#### TASK INPUTS ####
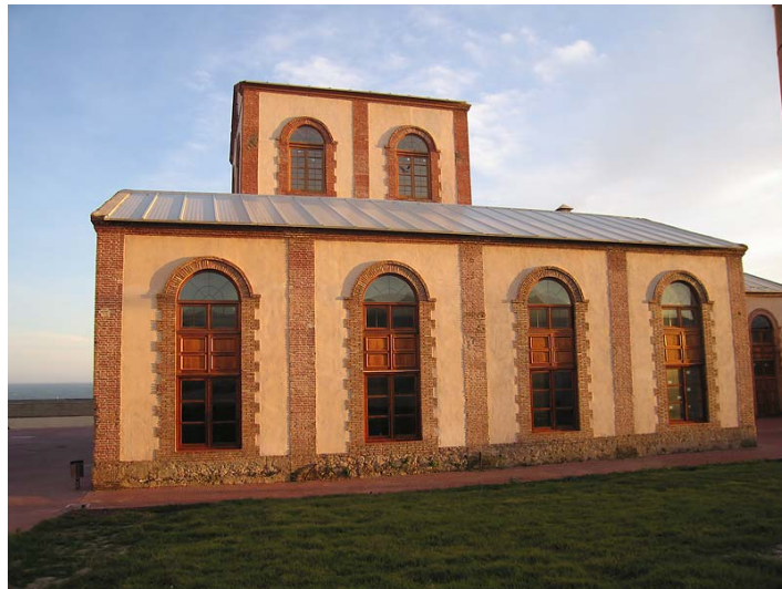
Link 32. Fábrica azucarera “libre” de Adra. Estado actual
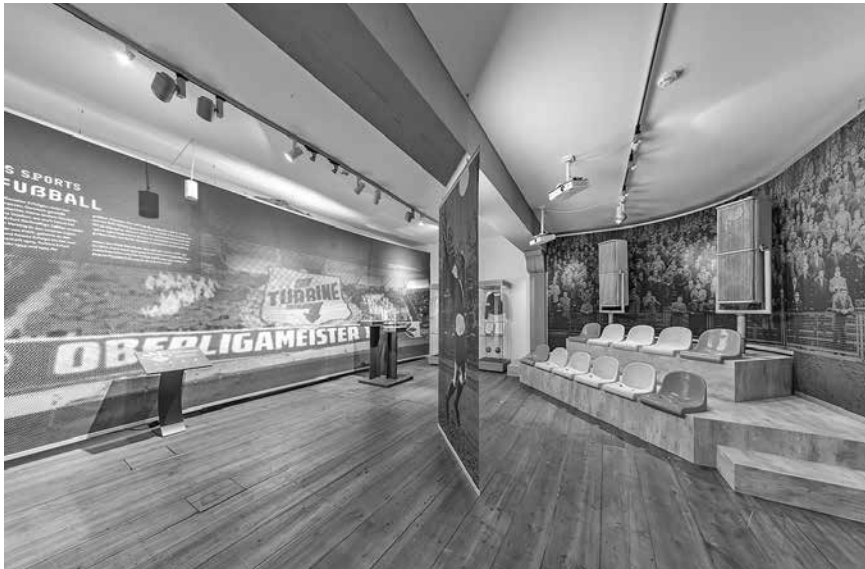
Der FC Rot-Weiß Erfurt feiert 2026 seinen 60. Geburtstag. Dem Verein ist ein eigener Bereich in der Ausstellung gewidmet.
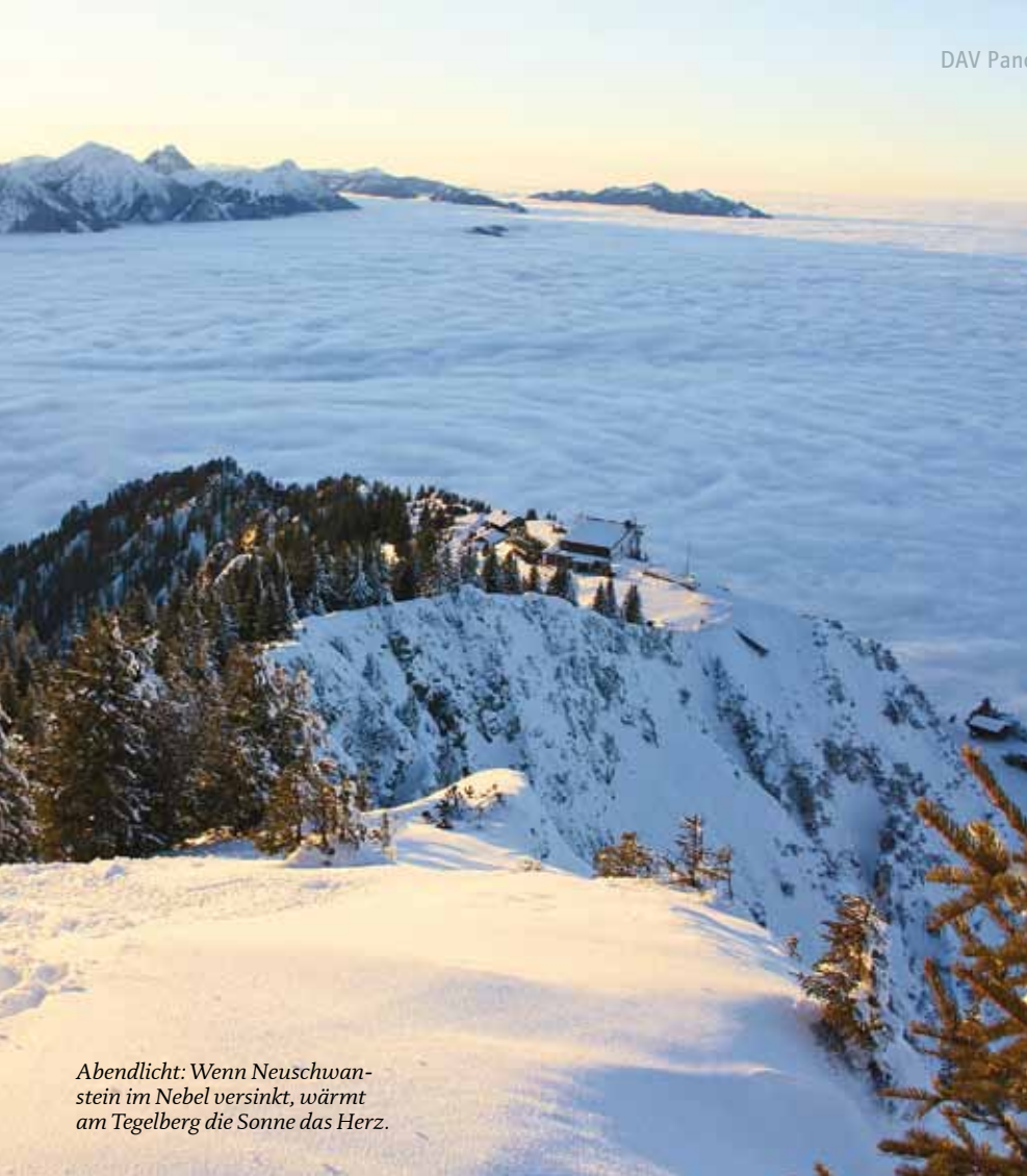
Abendlicht: Wenn Neuschwanstein im Nebel versinkt, wärmt am Tegelberg die Sonne das Herz.

auch die Skitourengeher: Den Schildern entlang steigt man am Pistenrand und auf Forstwegen zu Hausberg oder weiter zu Kreuzeck und Osterfelderkopf. Wie das künstlich geschaffene Idealbild eines Berges thront die mächtige Alpspitze bedrohlich und beschützend zugleich über dem Skigebiet. Dort hinauf zieht es nur echte Alpinisten bei besten Skitourenverhältnissen. Über den Stuibensee oder gar die Schönen Gänge mit Ski zur Alpspitze, das ist nichts für reine Pistengeher.
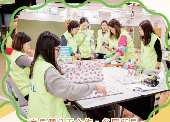
家長們分工合作，各展所長。
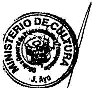
LUIS ALBERTO PEIRANO FALCONI Ministro de Cultura
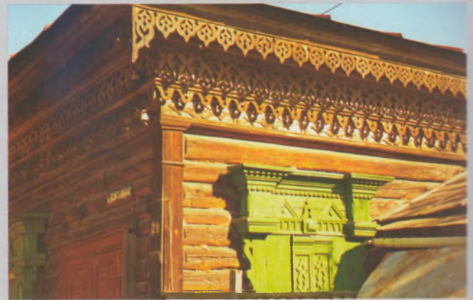
Рисунок 16 — Карниз жилого дома в Гомеле
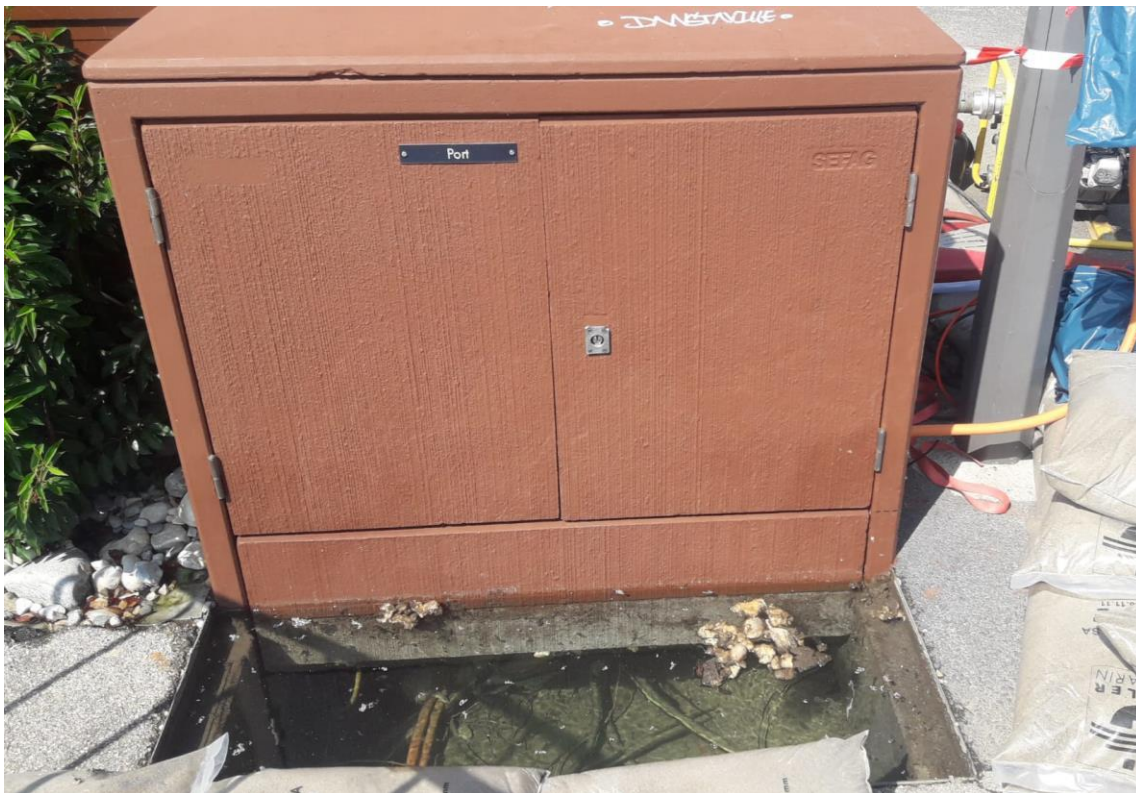
Figure 1 et 2 : Armoires de distribution réseau (chambre inondée)

Les armoires sont visibles dans les figures 1 et 2. Le nouvel emplacement proposé à la figure 3.
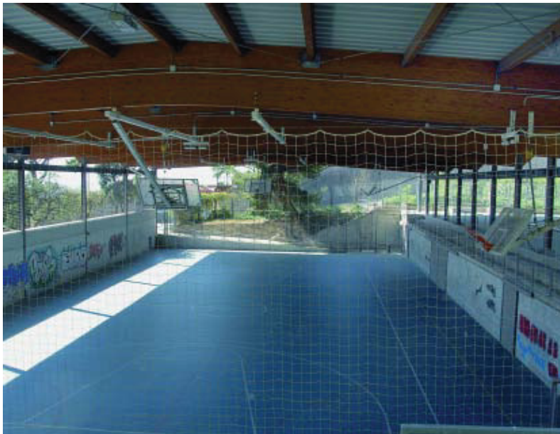
Es faran millores a les pistes poliesportives de la Creueta del Coll.

Amb aquest pressupost, els cinc barris de Gràcia podran endegar una vintena de projectes urbanístics que no estaven previstos en aquest mandat
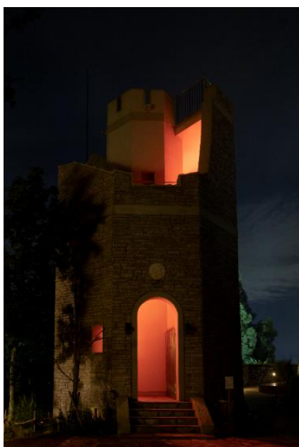
コリー・フラー《Lighthouse》2020年
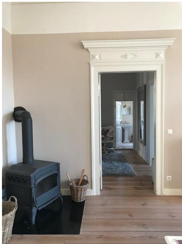
Wohnzimmer mit Kamin
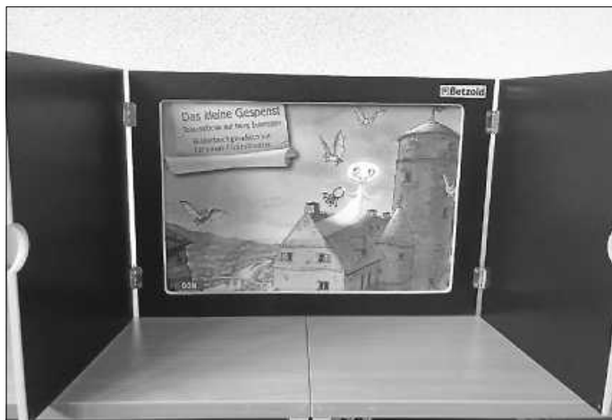
Wie eine kleine Bühne: das japanische Kamishibai-Papiertheater

Es geht los - die Mediothek lädt Kinder ab 4 Jahren zur Lesezirkus-Vorlesestunde mit dem japanischen Papiertheater Kamishibai ein, immer am letzten Donnerstag im Monat. Passend zur Halloween-Zeit lesen wir die Geschichte vom kleinen Gespenst, das Nachtgespenst, das so gerne einmal den Tag erleben will und begleiten es in diesem Abenteuer auf die Geisterstunde durch das Burgmuseum. Vorlesestunde für Kinder ab 4 Jahren. Dauer 30 Minuten. Die Teilnehmerzahl ist begrenzt. Eine Anmeldung in der Mediothek ist erforderlich.
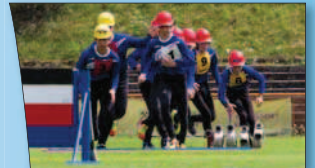
Parta z Měnika brzy všechny přesvědčila, že to myslí s obhajobou mistrovského titulu vážně.
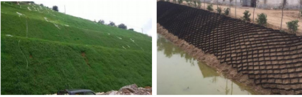
图1左：植草护坡；右：土工材料复合种植基护坡
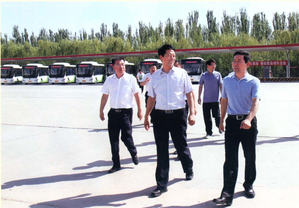
市委书记常志刚在市交通运输局长杨世军陪同下调研市城通公交公司(前排右一常志刚)
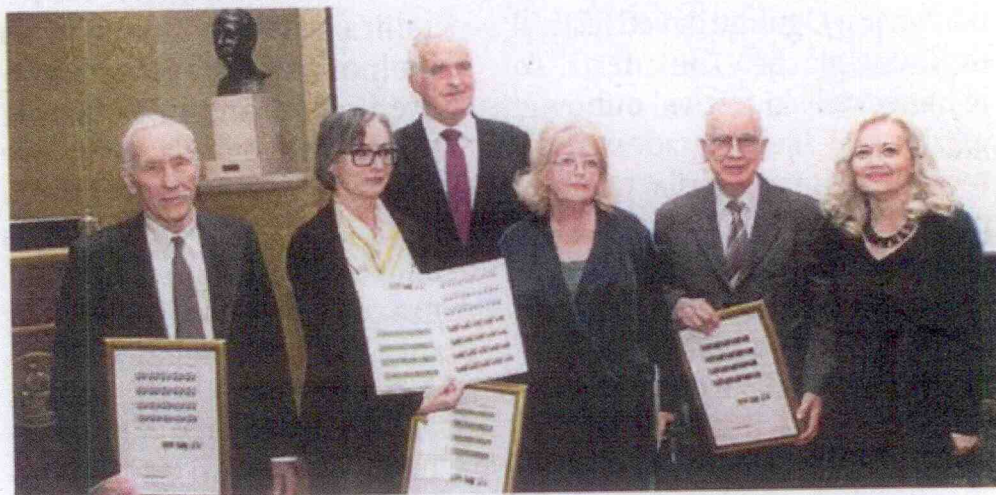
● Predstavljene su marke posvećene Strossmayeru, Supeku i Sorkočeviću

Podsjetio je, među ostalim, na zasluge biskupa Josipa Jurja Strossmayera koji je u Zagrebu utemeljio Akademiju , moderno Sveučilište i Strossmayerovu galeriju starih majstora te izgradio katedralu u Đakovu, čime je znatno pridonio uključenju Hrvatske u zapadnu europsku civilizaciju. »Zahvaljujući Strossmayeru Zagreb se potvrdio i kao kulturna, a ne samo politička metropola i time postao ravan drugim europskim metropolama«, rekao je akademik Kusić , poručivši da je i danas aktualna Strossmayerova misao da se samo znanošću Hrvatska može pozicionirati u svijetu, a kulturom i umjetnošću očuvati svoj identitet - priopćeno je iz HAZU-a. ■
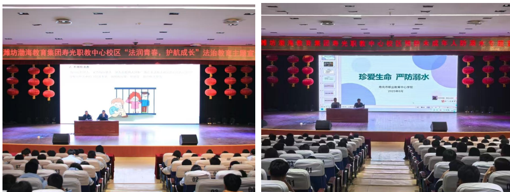
图 11 防溺水、法制教育主题宣讲

五是积极组织师生参加各类安全教育评比活动。在中小学幼儿园安全教育优秀工作案例评选中，获潍坊市 1 等奖；在安全优质课评选中，获潍坊市三等奖；在潍坊市安全教育主题漫画评选中，获 1 个二等奖，1 个三等奖；在中小学安全主题征文评选中，获 1 个二等奖，1 个三等奖；在寿光市国家安全主题征文评选中，获 1 个二等奖，2 个三等奖。
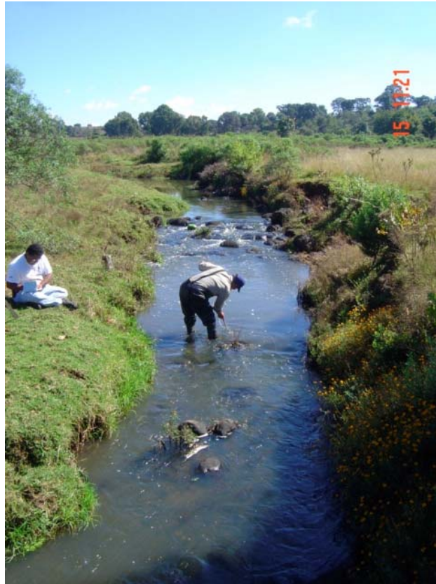
Figura 3-3 Río Zula en Rinconada de Cristo Rey
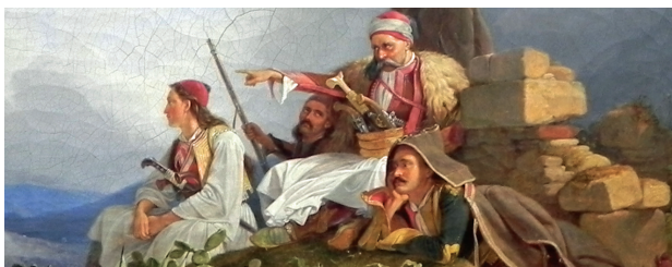
Peter von Hess, Παληγάρια στήν Ἀθήνα (λεπτομέρεια), 1829. Βερολίνο, Παλαιά Ἐθνική Πινακοθήκη

Ἀναλογιζόμενοι τά παραπάνω καταλήγουμε στό συμπέρασμα ὅτι, παρά τά ὅποια θετικά στοιχεῖα πού ἐνδέχεται νά συναντήσουμε στόν Ἰουδαϊσμό ἢ τό Ἰσλάμ, ἡ ἀγάπη στήν τέλεια μορφή τῆς ἀποτελεῖ ἀναμφισβήτητο συγκριτικό πλεονέκτημα τοῦ Χριστιανισμοῦ.
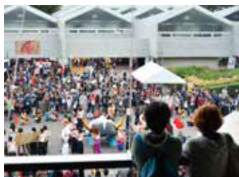
▲構内の至る所でさまざまなイベントが催されます。美術大学ならではの工夫が施されたイベントが目白押しです。
####
YOUR GOAL: Write out the records above exactly. Begin with the first line, end with the line holding "Figure 1 et", and drop the pictures.

REPLY TO THE TASK:
Link 32. Fábrica azucarera “libre” de Adra. Estado actual
Der FC Rot-Weiß Erfurt feiert 2026 seinen 60. Geburtstag. Dem Verein ist ein eigener Bereich in der Ausstellung gewidmet.
Abendlicht: Wenn Neuschwanstein im Nebel versinkt, wärmt am Tegelberg die Sonne das Herz.

auch die Skitourengeher: Den Schildern entlang steigt man am Pistenrand und auf Forstwegen zu Hausberg oder weiter zu Kreuzeck und Osterfelderkopf. Wie das künstlich geschaffene Idealbild eines Berges thront die mächtige Alpspitze bedrohlich und beschützend zugleich über dem Skigebiet. Dort hinauf zieht es nur echte Alpinisten bei besten Skitourenverhältnissen. Über den Stuibensee oder gar die Schönen Gänge mit Ski zur Alpspitze, das ist nichts für reine Pistengeher.
家長們分工合作，各展所長。
LUIS ALBERTO PEIRANO FALCONI Ministro de Cultura
Рисунок 16 — Карниз жилого дома в Гомеле
Figure 1 et 2 : Armoires de distribution réseau (chambre inondée)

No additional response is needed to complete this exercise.